Me gusta estar solo.

Que nadie me mire, que nadie me hable, que nadie me rompa las pelotas.

No hay espacio físico o simbólico, público o privado, cercano o de una galaxia muy, muy
lejana que no se arruine por la reunión ensordecedora de un grupo de gente. Mi mujer organiza
un asado y yo me recluyo en la parrilla, solo, mirando el fuego, tomando un vino, y viene un
pelotudo a sacarme conversación, a tomar tinto con soda, a sugerir que falta brasa o sobra
carne. Como piensa que la soledad es timidez, y que el mal humor es inteligencia, me habla del
último best seller que leyó, esperando que diga que El código Da Vinci es la gran obra literaria
de nuestro tiempo. Pensar que este hijo de puta cree –sin ironía, con la cándida impunidad del
analfabetismo- que Borges escribió un poema diciendo que hubiera querido comer más helados.

Sos de los que hablan a los gritos, para que todos sean testigos de tu estupidez. De los
que quieren domar el tiempo cambiando de corte de pelo. De los que esperan vencer al cáncer
dejando de fumar. Sos de los que aturden con la música en el colectivo o en el semáforo, con tu
estéreo mal ecualizado y tu desesperación por que la gente te mire, te haga un gesto, aunque
sea una puteada.

No quiero entrar en los pocos recovecos de tu mente simple. No quiero conocer el


listado de tus gustos industriales: las series, el fútbol y cuatro bandas de rock. No quiero que
quieras hablar conmigo y convencerme de tus verdades intrascendentes, de tus reflexiones
superficiales. De tus pasiones tibias. Me aburre escucharte cuando celebrás victorias ajenas. Me
embola saber que ganás más porque sabés callarte; que cogés sin amor; que dormís toda la
noche sin despertarte ni para ir al baño.

Te veo venir y mi teléfono suena milagrosamente; me hundo en los auriculares mudos,


en un libro que llevo semanas sin abrir. Me voy al fondo del bondi para evitarte; me escapo
como puedo, cobarde, del aturdimiento que llevás siempre encima.

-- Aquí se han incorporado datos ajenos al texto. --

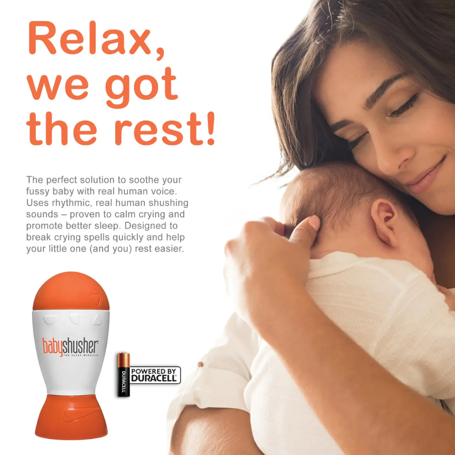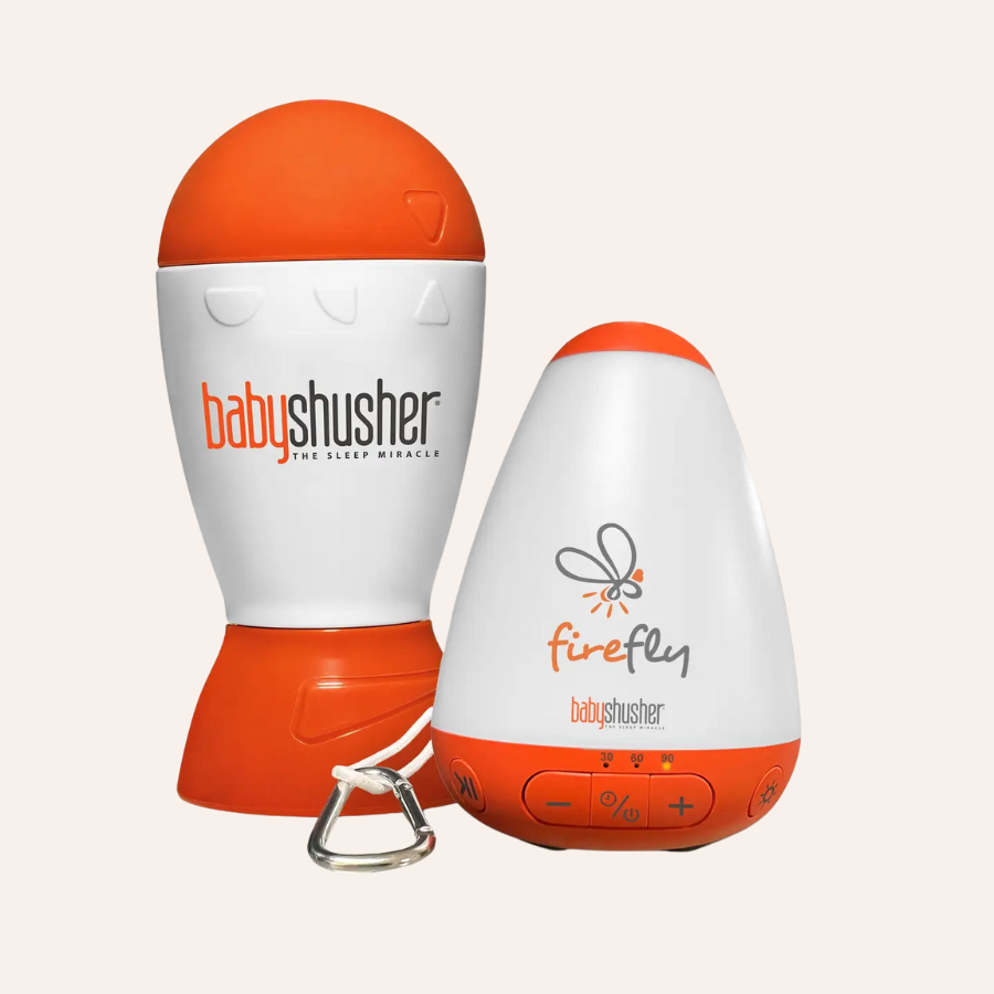 Soothe your baby around the clock with the Baby Shusher + Shusher Firefly Nightlight Bundle the perfect day and night solution for calm, restful sleep. The Baby Shusher uses real human “shhh” sounds to activate your baby’s natural calming reflex, helping to ease fussiness during the day and promote naps at home or on the go. When nighttime arrives, the Shusher Firefly sets the perfect sleepytime atmosphere with a soft amber glow and rhythmic shushing.

No te lo tomes a mal. Conozco mucha gente como vos, que no puede guardarse para sí
sus gustos, sus porros, sus pecados. Que tuitea una boludez y se siente Trump o el Che Guevara.
Que comparte missing children y se cree Gandhi. Que se tira un pedo y ahí se queda, alucinando
sus colores.

Entiendo, por momentos, que el problema soy yo.

No sé por qué quiero, necesito estar solo.

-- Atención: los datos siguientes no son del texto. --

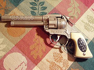 | More quilt. It's easy to read the "Paladin." I think it is unusual also that the word, "Paladin" is composed of both upper and lowercase letters. Usually a name is only uppercase. Picky, picky! SPECIAL BULLETIN!!! I've just been informed tha there are interlocking horseshoes on the Paladin grips. Thank you very much! Photo thanks to Michael Sheehan |

Quizás sea por traumas irresueltos de la niñez; conflictos latentes de raíz sexual que le
dan trabajo a una población crecientemente desocupada de psicoanalistas, astrólogos,
terapeutas, porongólogos, astronautas, masoquistas, cocineros, bartenders, farmacéuticos,
curanderos y youtubers que juegan al Call of Duty.

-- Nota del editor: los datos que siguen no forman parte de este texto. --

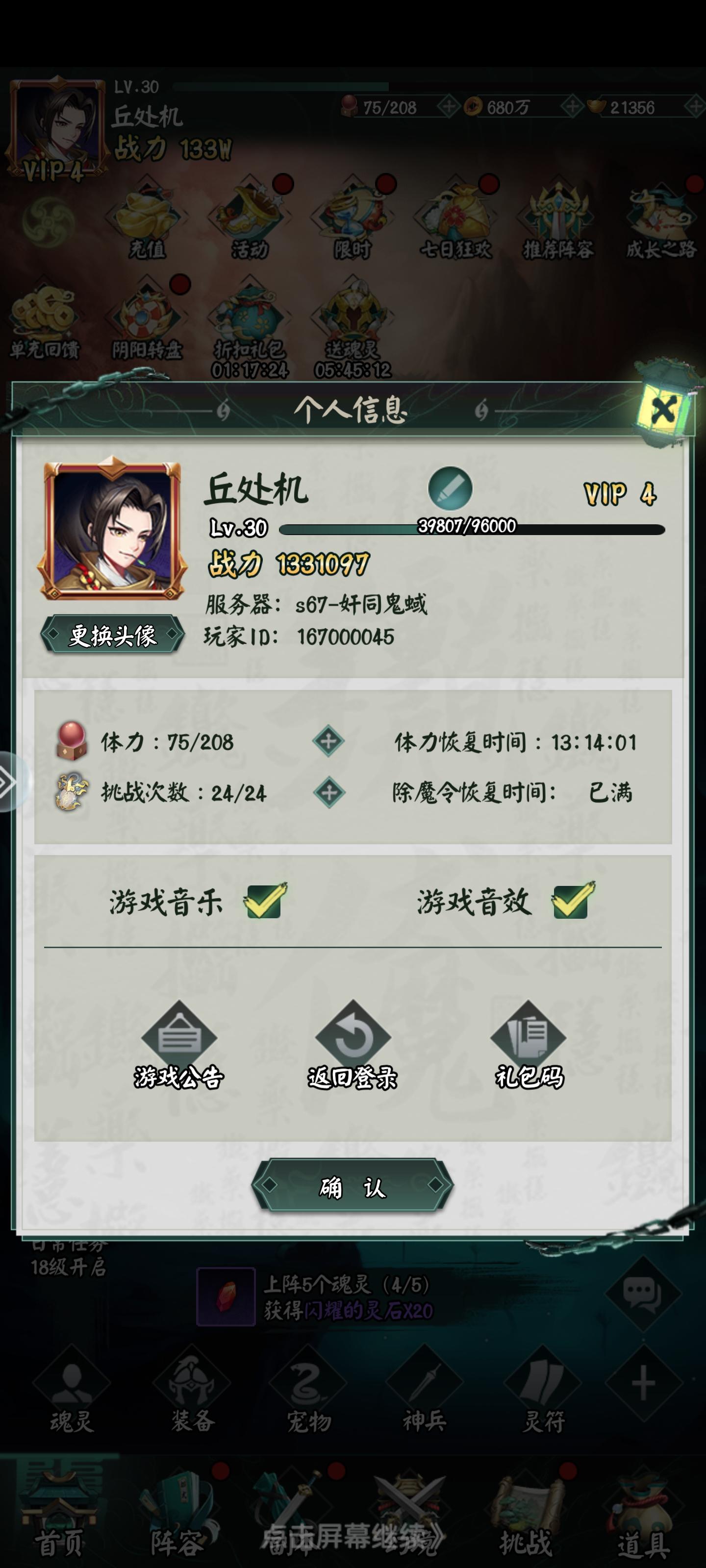 Taptap S67 丘处机 2022.12.23 打卡第一天,换新区重新体验一下😁

Quizás sea por una condición genética que hace que mi cerebro active sus mecanismos
de defensa frente a la presencia de sus pelotudos naturales, que vienen a depredar la poca
dignidad que le queda a la especie humana frente a la soledad radical de existir en este mundo.
Quizás sea porque siempre jugué mal al fútbol, porque nunca me gustó ir a bailar,
porque no tenía cable.

O quizás sea porque ella me dejó.

Y ahora estoy irremediablemente solo.